# Installing a gas range (advice needed)



## Krichton

I'm installing a new gas range. Is there anything I need to know before connecting the new one and turning on the gas for the first time in 5 months? Thanks!


----------



## canadaclub

Is this a countertop range?


----------



## Krichton

No freestanding.


----------



## ncor

test your fittings with soappy water rinse and find a match


----------



## jeff1

Hi,

This may help....

http://www.applianceaid.com/gasconnector.html

jeff.


----------



## NothingsLevel

It's really easy - I did it myself last winter for the first time. If you've ever hooked up a gas clothes dryer, it's the exact same deal.
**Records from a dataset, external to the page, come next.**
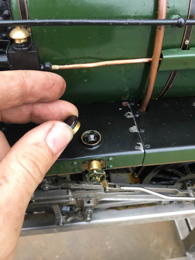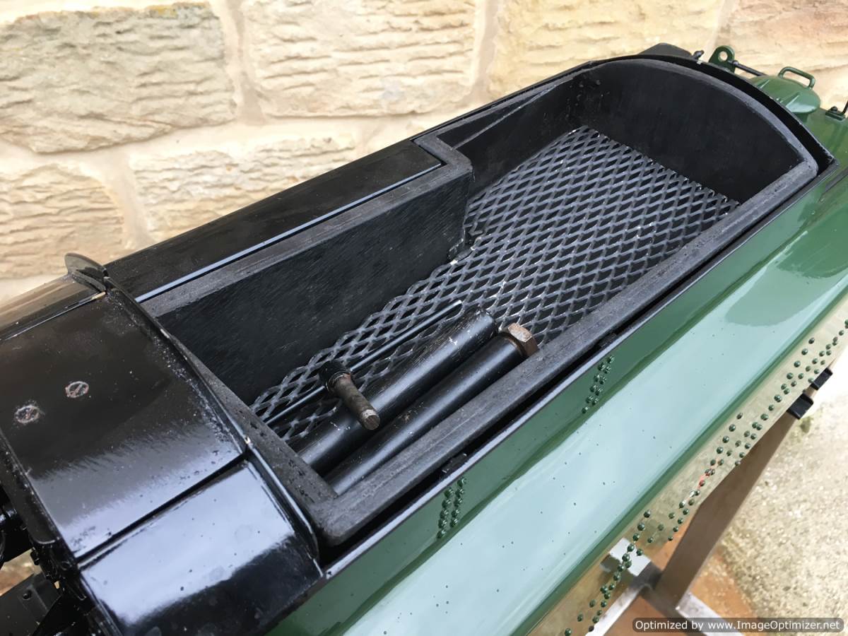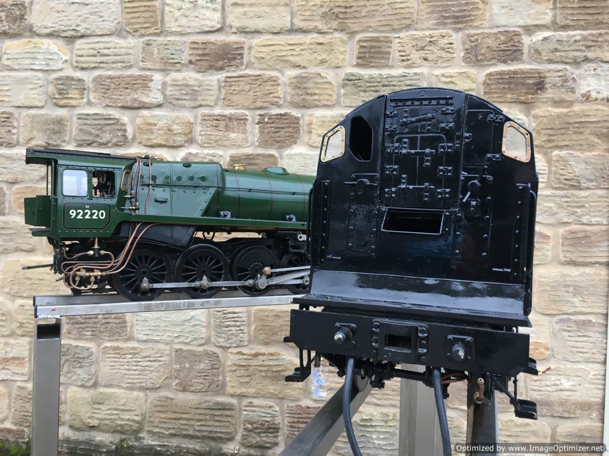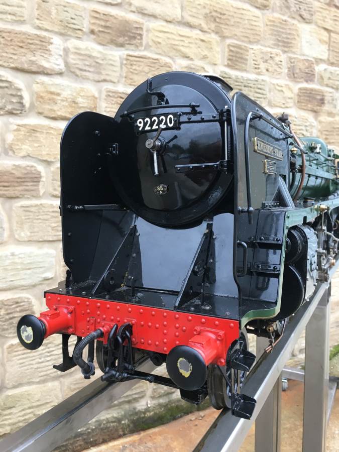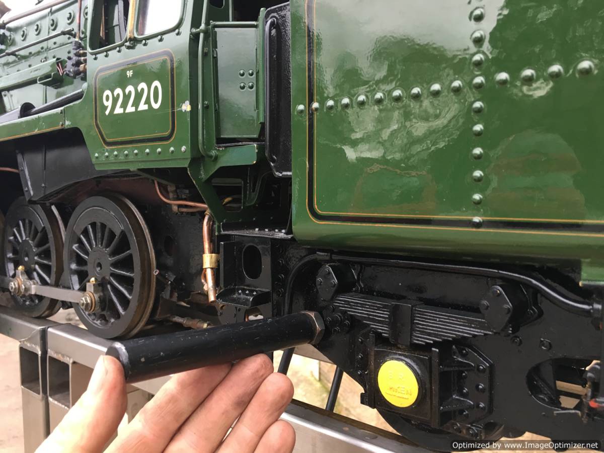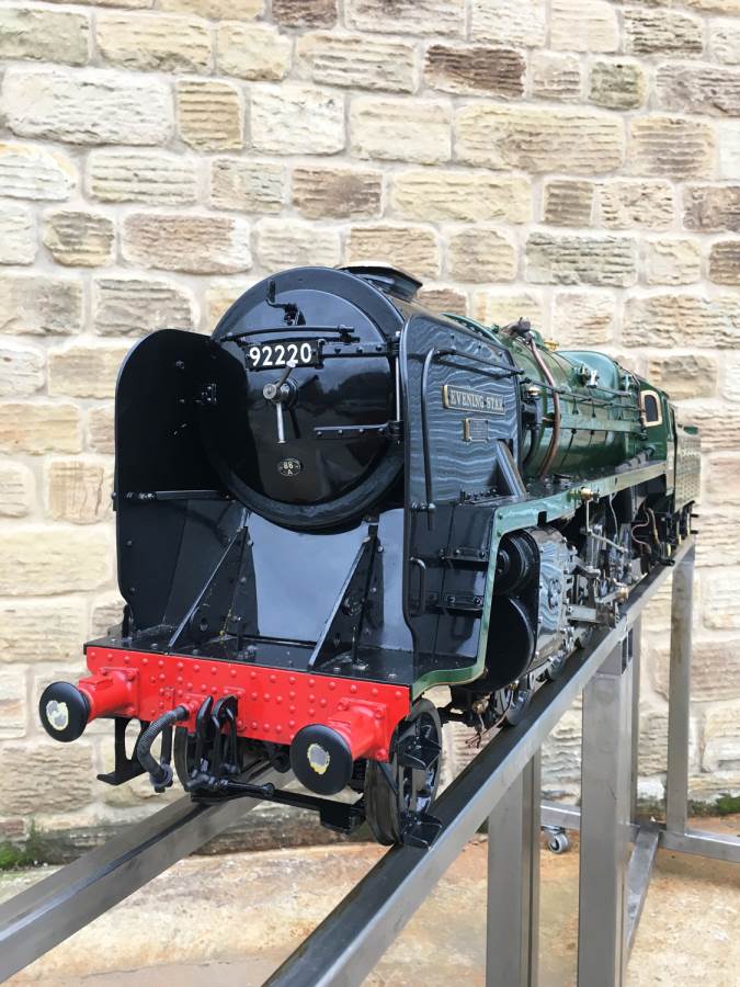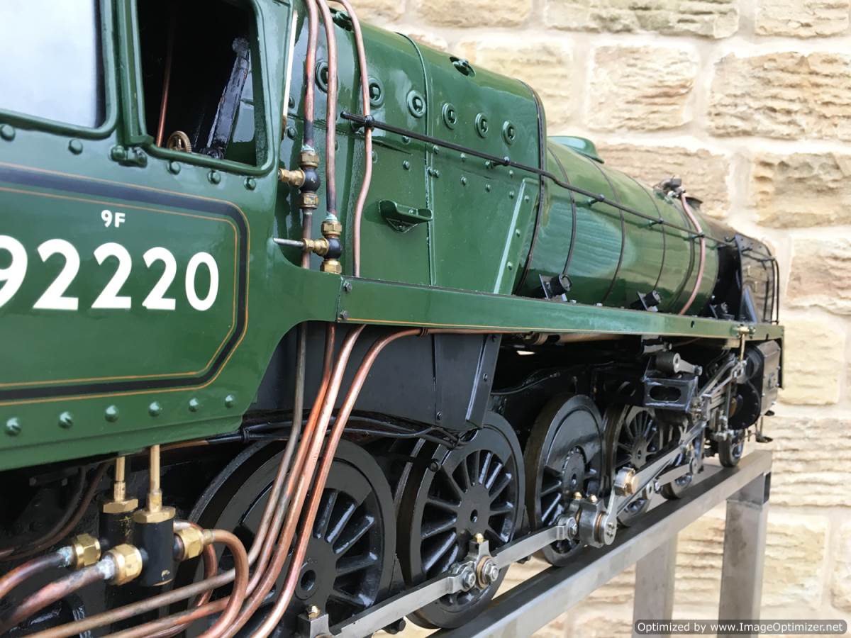 Here we have a loco to impress your friends and irritate your enemies,..... a nicely made 5" gauge BR 9F 92220 'Evening Star' made to the well detailed and respected drawings by Les Warnett. This model has seen a few different guises in it's life so far. Originally finished and run in plain black, the model was re-painted into BR green a few years ago, but it was done without stripping the model down. The black was sanded down and over painted, so the paint became a little bit on the thick side. The next owner then decided that he didn't like the shade, and so the same thing was professionally done again, making the paint even thicker! It doesn't look too bad, but there are a couple of areas where the paint has slightly reacted and wrinkled on the boiler barrel. From a few feet away though it looks nice enough!
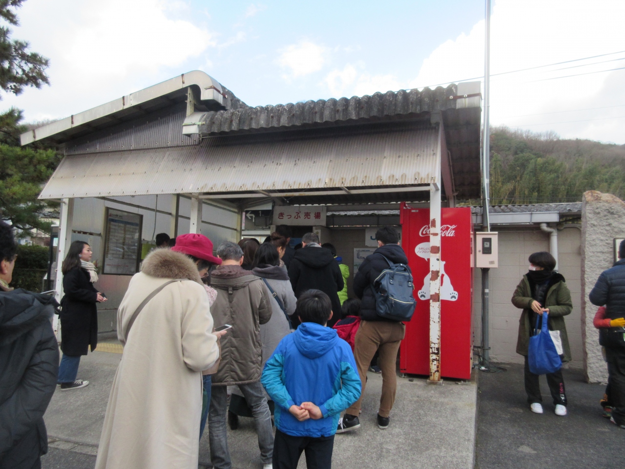 JR岡山から出ている吉備線の駅です。乗車15分ほどで吉備津に到着です。吉備津神社へは徒歩15分ほどの所にあります。無人駅ですが、初詣ということもあって駅員さんが出ていました。周りは住宅地です。古い昔ながらの駅で、ホームは上下線一つです。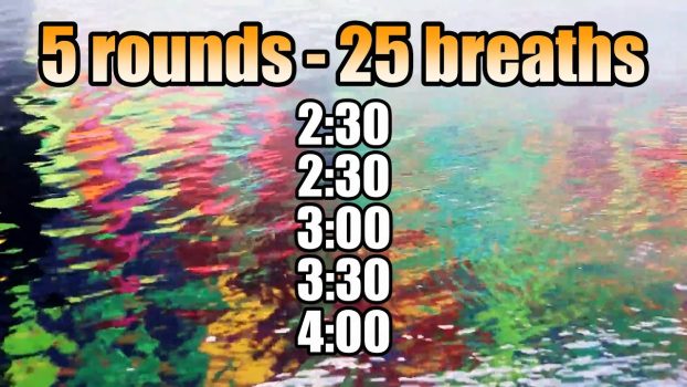 (00:00) Round 1: 25 breaths + 2 minutes 30 seconds breath hold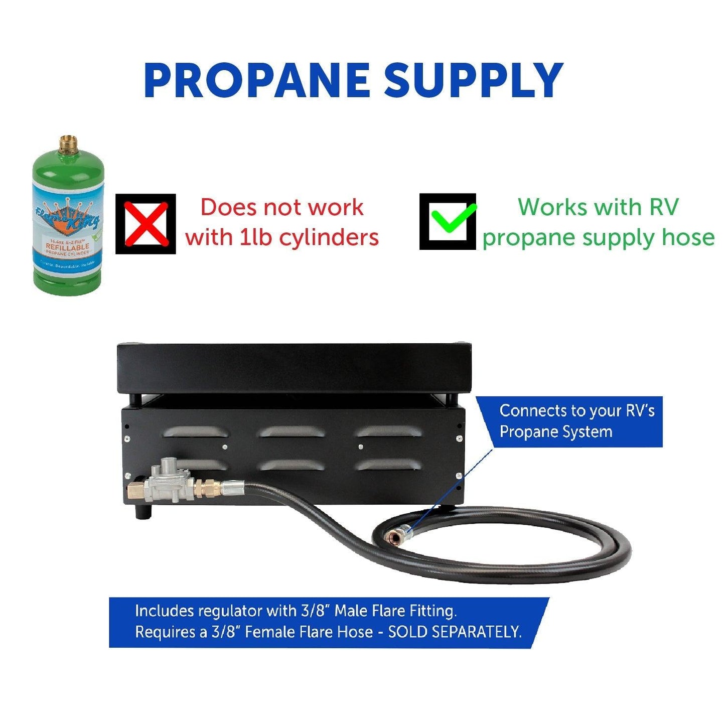 Flame King 17 inch LP Griddle with Small Regulator for RV pullout

Get the kit which comes with the gas line, fittings, sealant and soapy water "test fluid" all in one bag. *Follow the printed directions* and as long as you know which end of a wrench to hold, you should be done in under 30 minutes.


----------



## Krichton

Thanks for all the replies. I was actually concerned more about the gas than anything else. Now that I finally got around to connecting everything I just discovered that the nipple still attached to the gas pipe is too small to be connected to the standard gas supply line that came with the range. Damn that thing is tight!!


----------



## jeff1

> Damn that thing is tight!!


Sometimes a little penetrating oil soaked in helps.

jeff.


----------



## Hushpuppy

The good thing is, if you screw it up you'll smell it pretty quick... Just make sure your "off" valve works well!

I used teflon tape on my threads when I attached my range. Make sure you use it only on the threads, and not on the surfaces where the nipple joins.


----------